> **Data**:
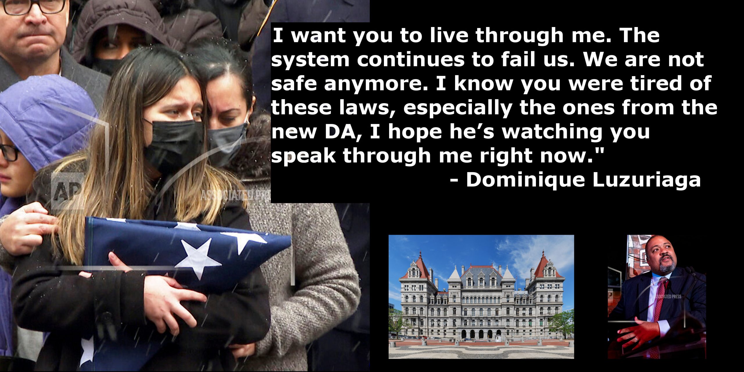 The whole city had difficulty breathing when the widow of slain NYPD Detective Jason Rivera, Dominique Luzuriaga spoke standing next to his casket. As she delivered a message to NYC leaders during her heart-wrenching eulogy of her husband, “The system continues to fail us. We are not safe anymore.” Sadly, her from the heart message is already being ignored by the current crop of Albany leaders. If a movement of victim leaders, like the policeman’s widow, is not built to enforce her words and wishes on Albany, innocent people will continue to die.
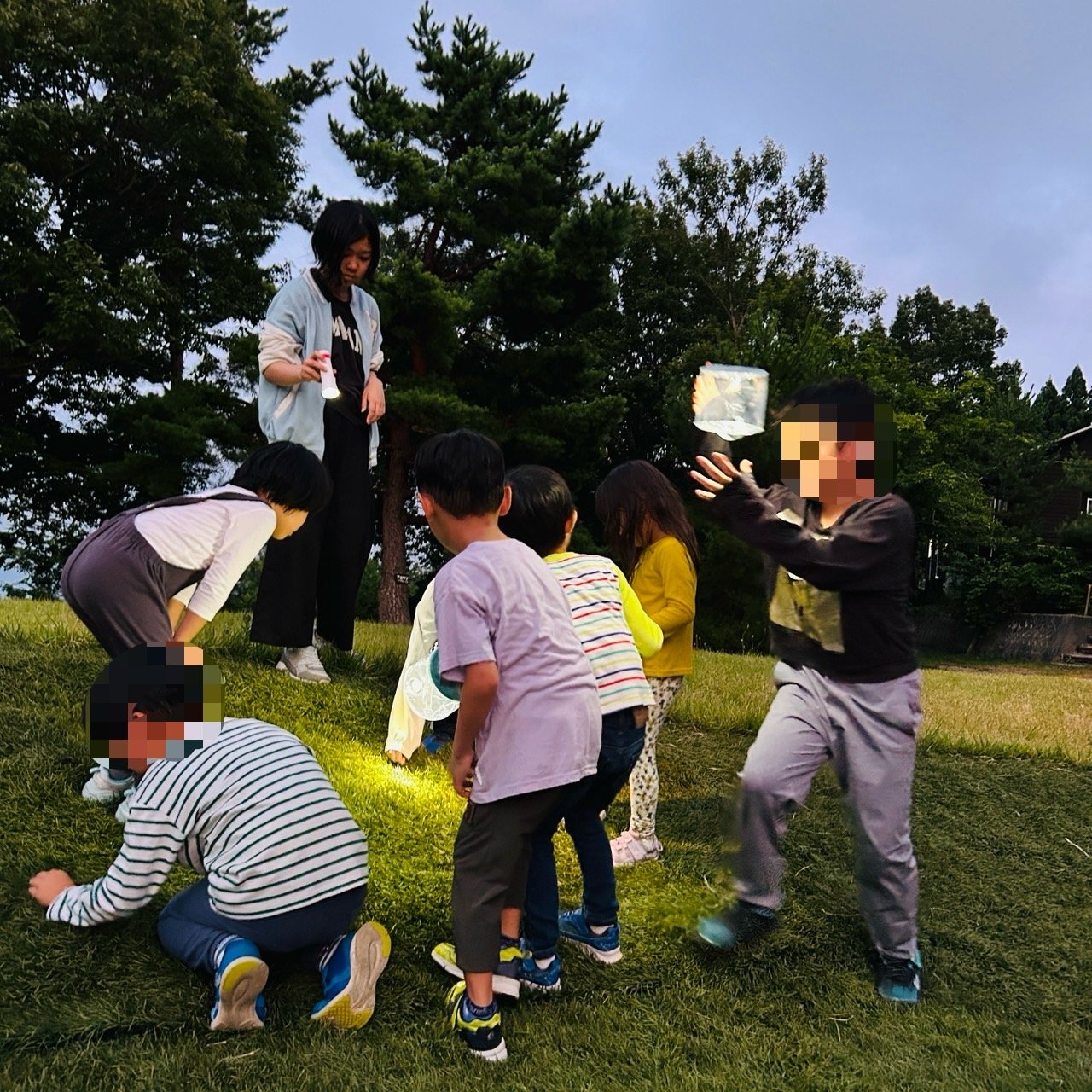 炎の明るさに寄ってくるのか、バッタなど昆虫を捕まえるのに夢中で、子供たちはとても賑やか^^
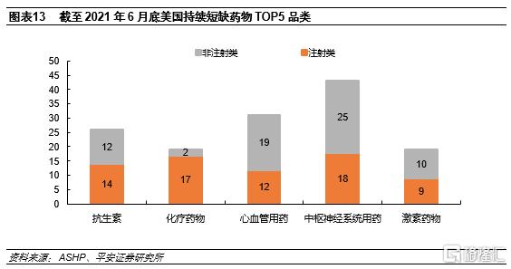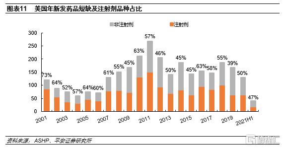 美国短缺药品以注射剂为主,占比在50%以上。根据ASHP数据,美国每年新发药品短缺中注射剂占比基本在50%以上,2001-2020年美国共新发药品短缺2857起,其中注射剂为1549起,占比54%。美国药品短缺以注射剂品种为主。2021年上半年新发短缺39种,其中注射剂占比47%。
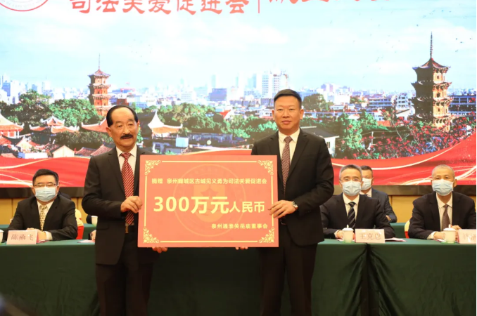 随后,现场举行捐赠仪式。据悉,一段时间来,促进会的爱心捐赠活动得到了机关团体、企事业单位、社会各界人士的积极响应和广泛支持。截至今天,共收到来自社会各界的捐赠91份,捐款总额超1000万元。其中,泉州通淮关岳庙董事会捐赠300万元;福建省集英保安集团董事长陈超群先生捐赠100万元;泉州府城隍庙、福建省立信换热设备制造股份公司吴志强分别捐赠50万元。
...
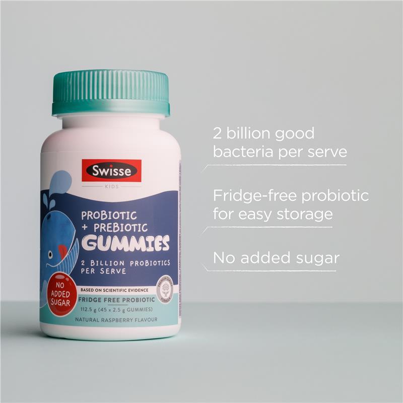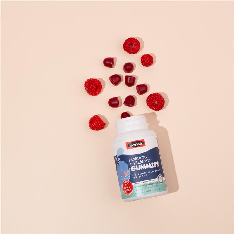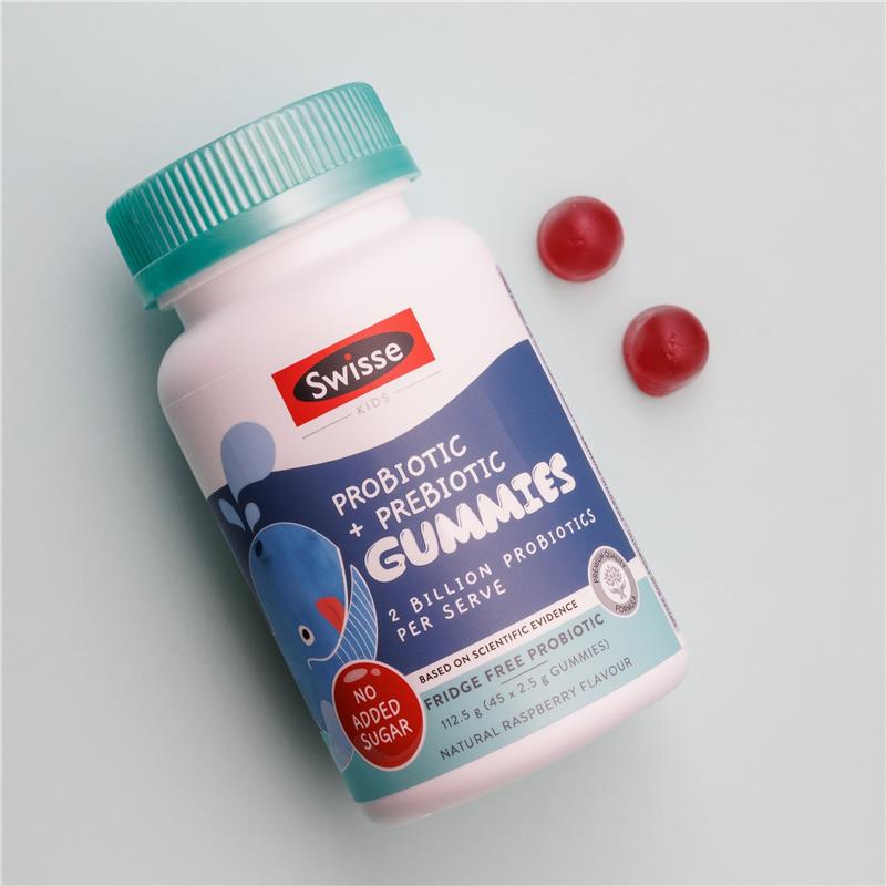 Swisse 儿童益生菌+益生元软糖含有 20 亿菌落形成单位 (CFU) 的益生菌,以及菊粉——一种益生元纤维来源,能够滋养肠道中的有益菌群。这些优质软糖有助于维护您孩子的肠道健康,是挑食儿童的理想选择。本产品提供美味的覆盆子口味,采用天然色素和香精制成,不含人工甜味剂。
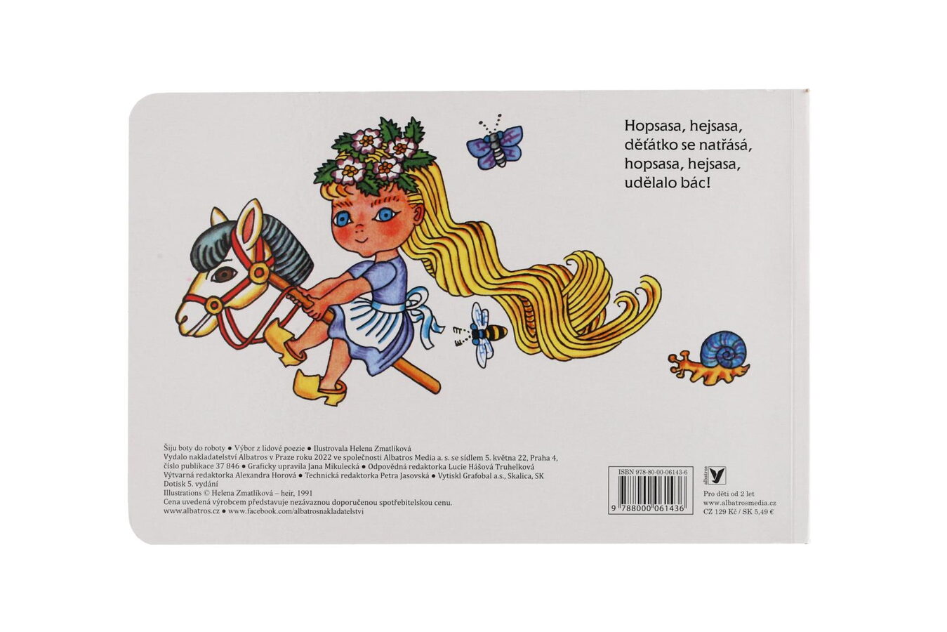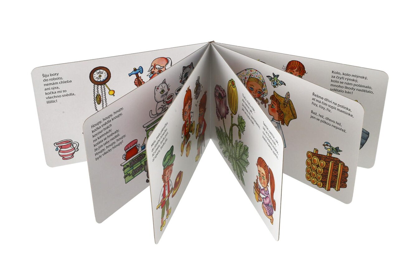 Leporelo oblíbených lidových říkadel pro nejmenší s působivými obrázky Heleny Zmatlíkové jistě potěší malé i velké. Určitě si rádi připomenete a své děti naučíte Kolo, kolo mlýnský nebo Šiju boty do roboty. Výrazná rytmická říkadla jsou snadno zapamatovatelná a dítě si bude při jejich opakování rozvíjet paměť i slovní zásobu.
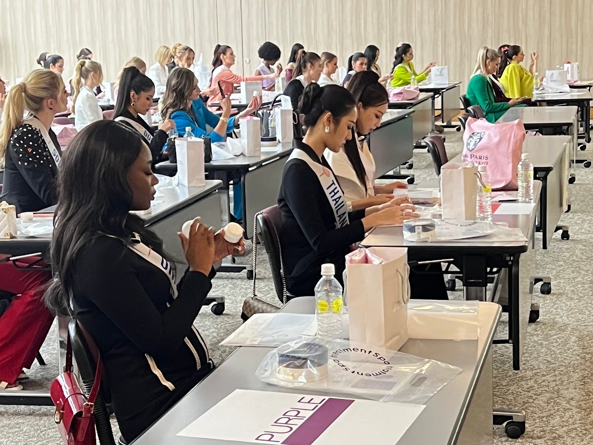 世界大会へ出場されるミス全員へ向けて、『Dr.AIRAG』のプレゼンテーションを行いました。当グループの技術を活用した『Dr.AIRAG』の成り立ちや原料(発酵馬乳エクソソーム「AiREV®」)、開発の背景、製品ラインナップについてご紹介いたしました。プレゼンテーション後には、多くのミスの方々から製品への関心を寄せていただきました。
---
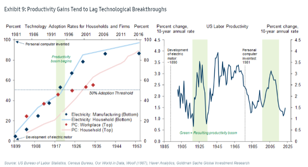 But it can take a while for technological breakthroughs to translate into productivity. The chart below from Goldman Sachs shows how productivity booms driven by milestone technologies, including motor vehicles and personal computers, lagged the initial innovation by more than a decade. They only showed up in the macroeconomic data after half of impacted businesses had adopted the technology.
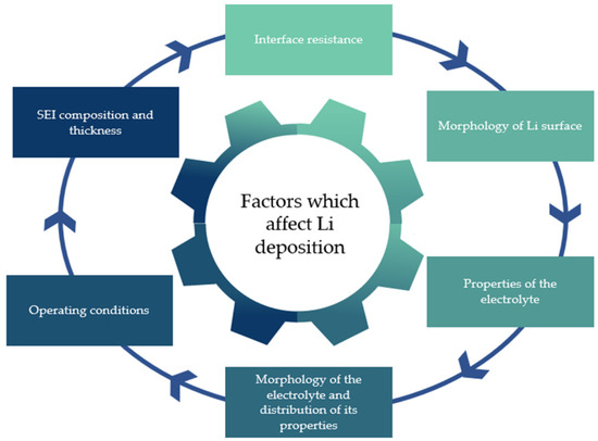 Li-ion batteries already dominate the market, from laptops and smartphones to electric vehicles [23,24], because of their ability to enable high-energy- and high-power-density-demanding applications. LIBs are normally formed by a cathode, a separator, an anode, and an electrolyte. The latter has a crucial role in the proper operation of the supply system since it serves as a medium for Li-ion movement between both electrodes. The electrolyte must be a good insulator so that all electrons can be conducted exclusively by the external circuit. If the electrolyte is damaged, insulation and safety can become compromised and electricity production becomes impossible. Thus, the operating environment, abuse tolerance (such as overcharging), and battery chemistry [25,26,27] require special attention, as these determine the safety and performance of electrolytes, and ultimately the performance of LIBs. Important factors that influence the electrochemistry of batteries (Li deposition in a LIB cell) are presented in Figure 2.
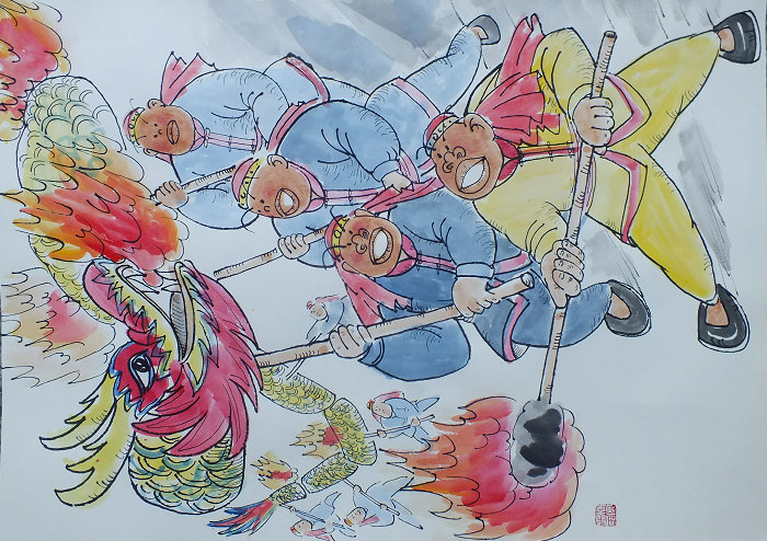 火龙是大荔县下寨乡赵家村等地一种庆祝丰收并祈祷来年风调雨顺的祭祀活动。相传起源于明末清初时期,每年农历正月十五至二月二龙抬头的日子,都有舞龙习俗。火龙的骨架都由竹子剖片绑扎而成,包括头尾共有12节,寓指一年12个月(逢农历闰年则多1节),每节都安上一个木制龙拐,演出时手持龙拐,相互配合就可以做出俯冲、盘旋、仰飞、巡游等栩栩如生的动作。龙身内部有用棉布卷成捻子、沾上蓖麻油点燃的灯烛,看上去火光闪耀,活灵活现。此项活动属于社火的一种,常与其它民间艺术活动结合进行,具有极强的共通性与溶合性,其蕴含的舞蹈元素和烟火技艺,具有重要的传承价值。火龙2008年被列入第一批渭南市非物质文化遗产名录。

> **What you are asked to do**: Using the material above, transcribe exactly the lines from the one holding "Swisse 儿童益生菌+益生元软糖含有 20" to the one holding "世界大会へ出場されるミス全員", both ends kept. Do not carry over any pictures.

> **Response below**:
 Swisse 儿童益生菌+益生元软糖含有 20 亿菌落形成单位 (CFU) 的益生菌,以及菊粉——一种益生元纤维来源,能够滋养肠道中的有益菌群。这些优质软糖有助于维护您孩子的肠道健康,是挑食儿童的理想选择。本产品提供美味的覆盆子口味,采用天然色素和香精制成,不含人工甜味剂。
 Leporelo oblíbených lidových říkadel pro nejmenší s působivými obrázky Heleny Zmatlíkové jistě potěší malé i velké. Určitě si rádi připomenete a své děti naučíte Kolo, kolo mlýnský nebo Šiju boty do roboty. Výrazná rytmická říkadla jsou snadno zapamatovatelná a dítě si bude při jejich opakování rozvíjet paměť i slovní zásobu.
 世界大会へ出場されるミス全員へ向けて、『Dr.AIRAG』のプレゼンテーションを行いました。当グループの技術を活用した『Dr.AIRAG』の成り立ちや原料(発酵馬乳エクソソーム「AiREV®」)、開発の背景、製品ラインナップについてご紹介いたしました。プレゼンテーション後には、多くのミスの方々から製品への関心を寄せていただきました。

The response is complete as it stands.